Pictures in the data should be dropped; transcribe exactly the lines from the one that has "6月6日下午13:00,由我" through the one that has "② 脚尖碾转:身体姿势同上,换成脚尖点地,脚跟提 起向外碾(脚内扣),然后落地踏实;再提起脚跟向内碾".

* [GIVEN RECORDS]:
....

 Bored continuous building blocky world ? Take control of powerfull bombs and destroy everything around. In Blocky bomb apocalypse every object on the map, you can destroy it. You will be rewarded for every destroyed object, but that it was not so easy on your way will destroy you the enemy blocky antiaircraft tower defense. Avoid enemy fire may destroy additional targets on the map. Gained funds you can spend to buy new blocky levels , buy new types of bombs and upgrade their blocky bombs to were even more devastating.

....

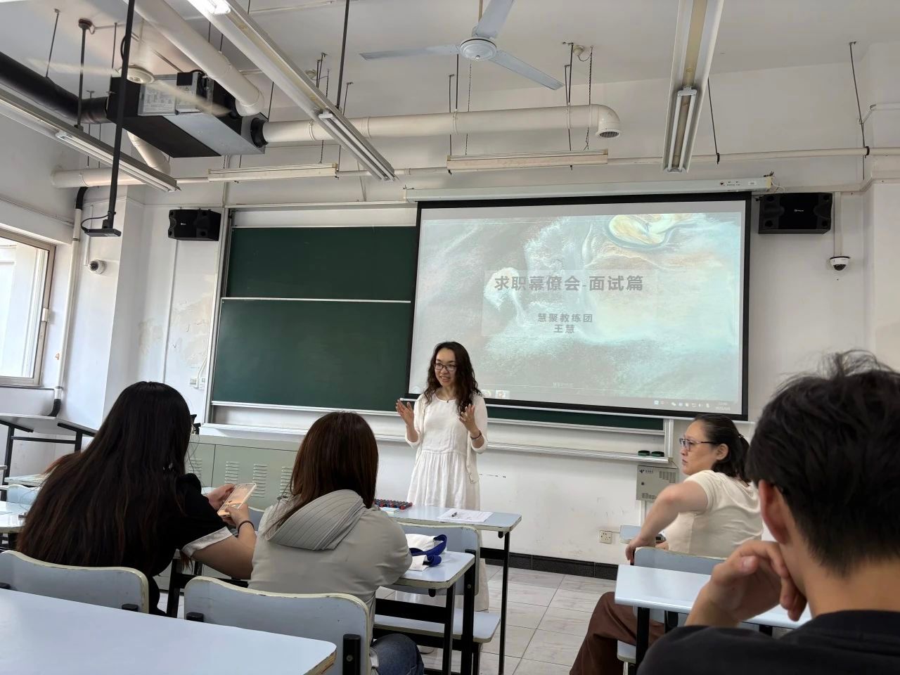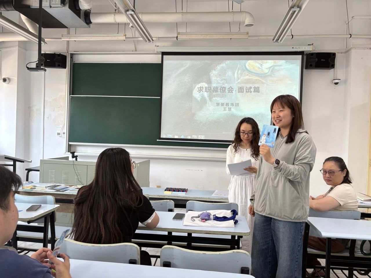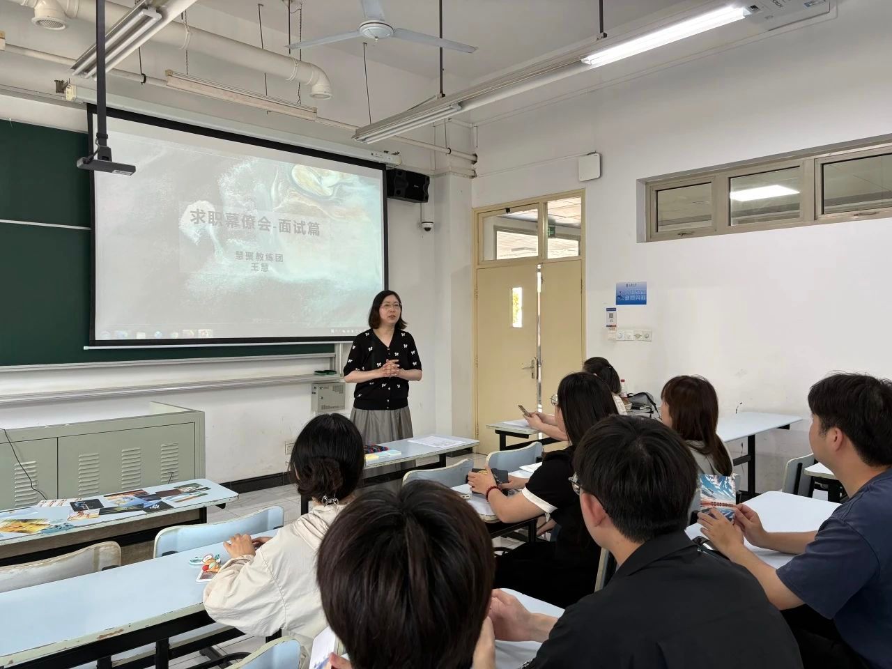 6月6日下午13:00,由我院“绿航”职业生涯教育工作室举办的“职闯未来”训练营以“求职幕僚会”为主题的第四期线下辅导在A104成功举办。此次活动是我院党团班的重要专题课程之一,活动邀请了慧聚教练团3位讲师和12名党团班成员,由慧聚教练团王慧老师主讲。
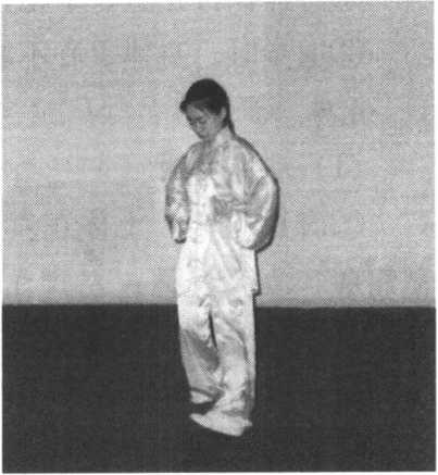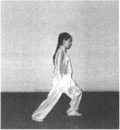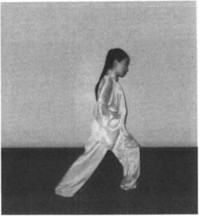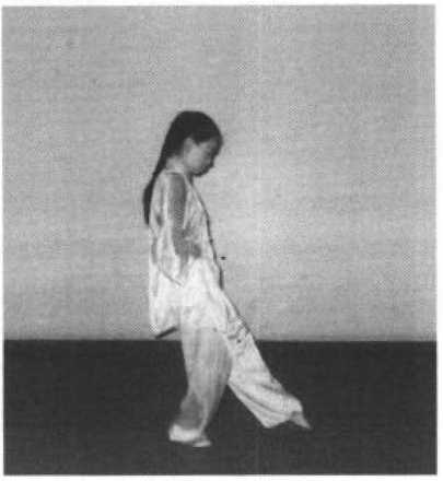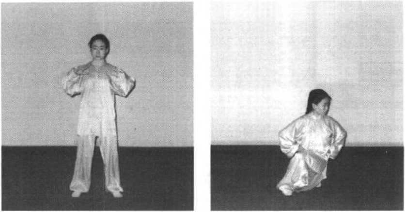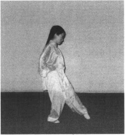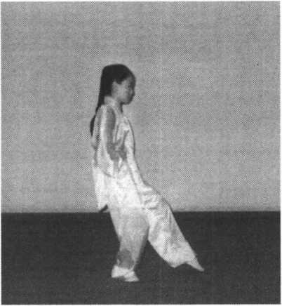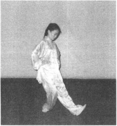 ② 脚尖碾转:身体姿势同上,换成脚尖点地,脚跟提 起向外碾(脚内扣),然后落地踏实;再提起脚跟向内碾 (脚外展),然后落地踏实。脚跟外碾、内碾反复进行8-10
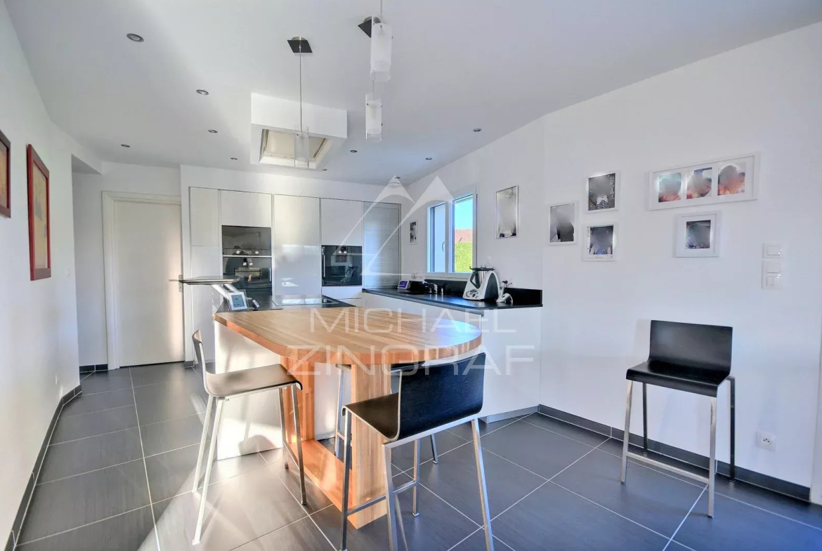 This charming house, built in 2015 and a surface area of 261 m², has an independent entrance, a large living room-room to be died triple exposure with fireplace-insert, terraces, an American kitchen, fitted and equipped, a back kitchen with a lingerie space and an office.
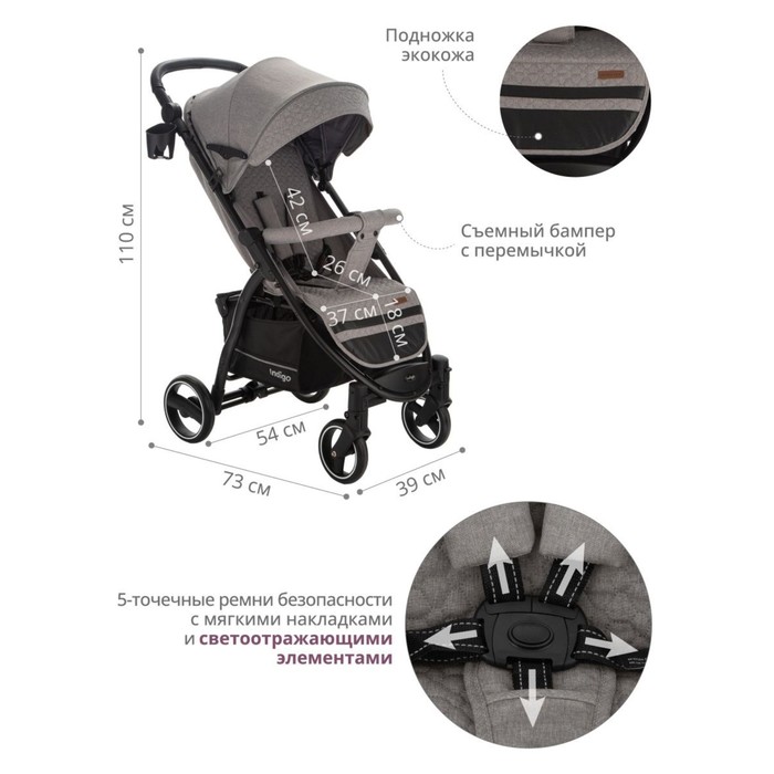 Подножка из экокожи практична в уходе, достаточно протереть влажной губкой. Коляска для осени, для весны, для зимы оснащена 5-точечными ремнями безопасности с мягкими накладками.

....

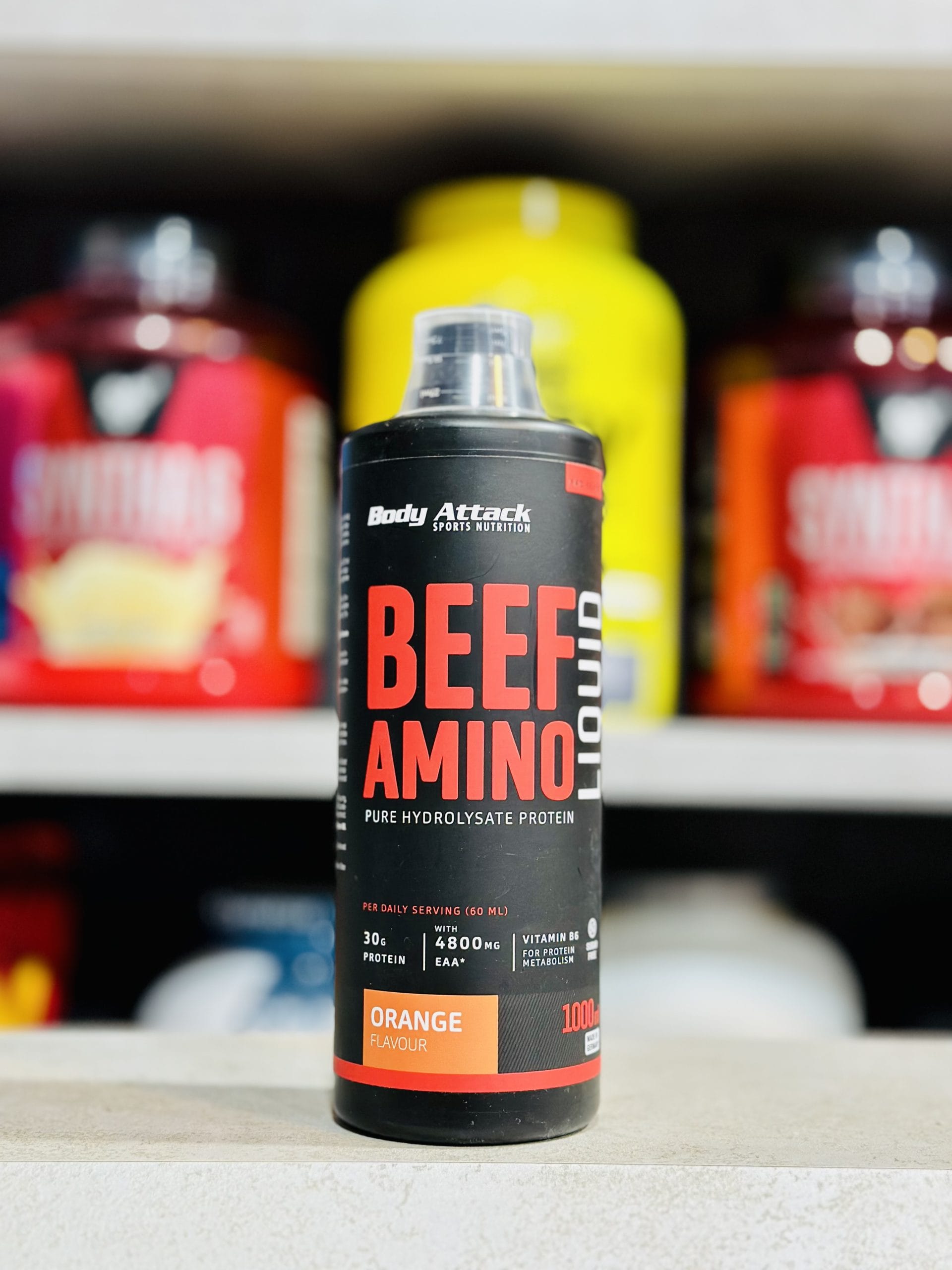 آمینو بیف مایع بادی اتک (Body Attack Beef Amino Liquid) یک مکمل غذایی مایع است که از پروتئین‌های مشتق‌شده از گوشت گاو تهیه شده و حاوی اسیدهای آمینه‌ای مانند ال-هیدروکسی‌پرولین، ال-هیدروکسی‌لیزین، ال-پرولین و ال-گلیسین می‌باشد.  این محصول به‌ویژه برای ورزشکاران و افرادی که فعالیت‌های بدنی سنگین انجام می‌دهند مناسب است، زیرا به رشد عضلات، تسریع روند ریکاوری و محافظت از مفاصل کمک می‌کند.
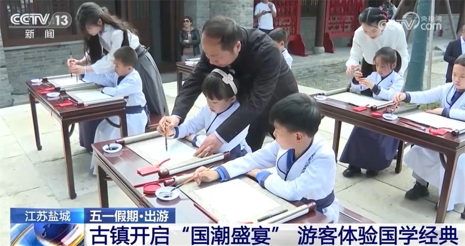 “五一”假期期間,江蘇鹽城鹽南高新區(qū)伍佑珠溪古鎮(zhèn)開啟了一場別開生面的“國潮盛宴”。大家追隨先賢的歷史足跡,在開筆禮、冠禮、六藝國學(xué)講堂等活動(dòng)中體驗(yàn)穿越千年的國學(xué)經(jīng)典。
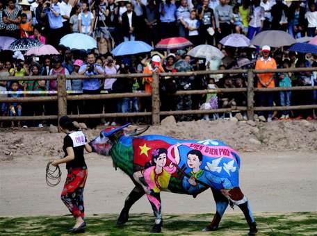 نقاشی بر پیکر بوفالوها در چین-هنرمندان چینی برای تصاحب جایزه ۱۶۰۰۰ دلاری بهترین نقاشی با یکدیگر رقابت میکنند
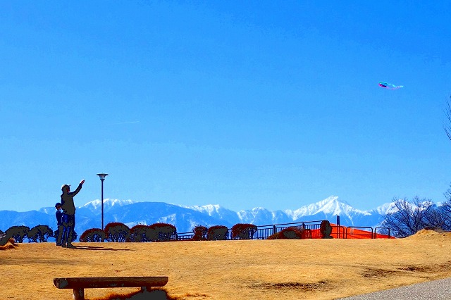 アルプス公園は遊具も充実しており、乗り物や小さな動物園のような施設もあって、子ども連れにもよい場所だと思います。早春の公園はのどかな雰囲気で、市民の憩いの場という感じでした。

....

* [EXERCISE SOLUTION]:
 6月6日下午13:00,由我院“绿航”职业生涯教育工作室举办的“职闯未来”训练营以“求职幕僚会”为主题的第四期线下辅导在A104成功举办。此次活动是我院党团班的重要专题课程之一,活动邀请了慧聚教练团3位讲师和12名党团班成员,由慧聚教练团王慧老师主讲。
 ② 脚尖碾转:身体姿势同上,换成脚尖点地,脚跟提 起向外碾(脚内扣),然后落地踏实;再提起脚跟向内碾 (脚外展),然后落地踏实。脚跟外碾、内碾反复进行8-10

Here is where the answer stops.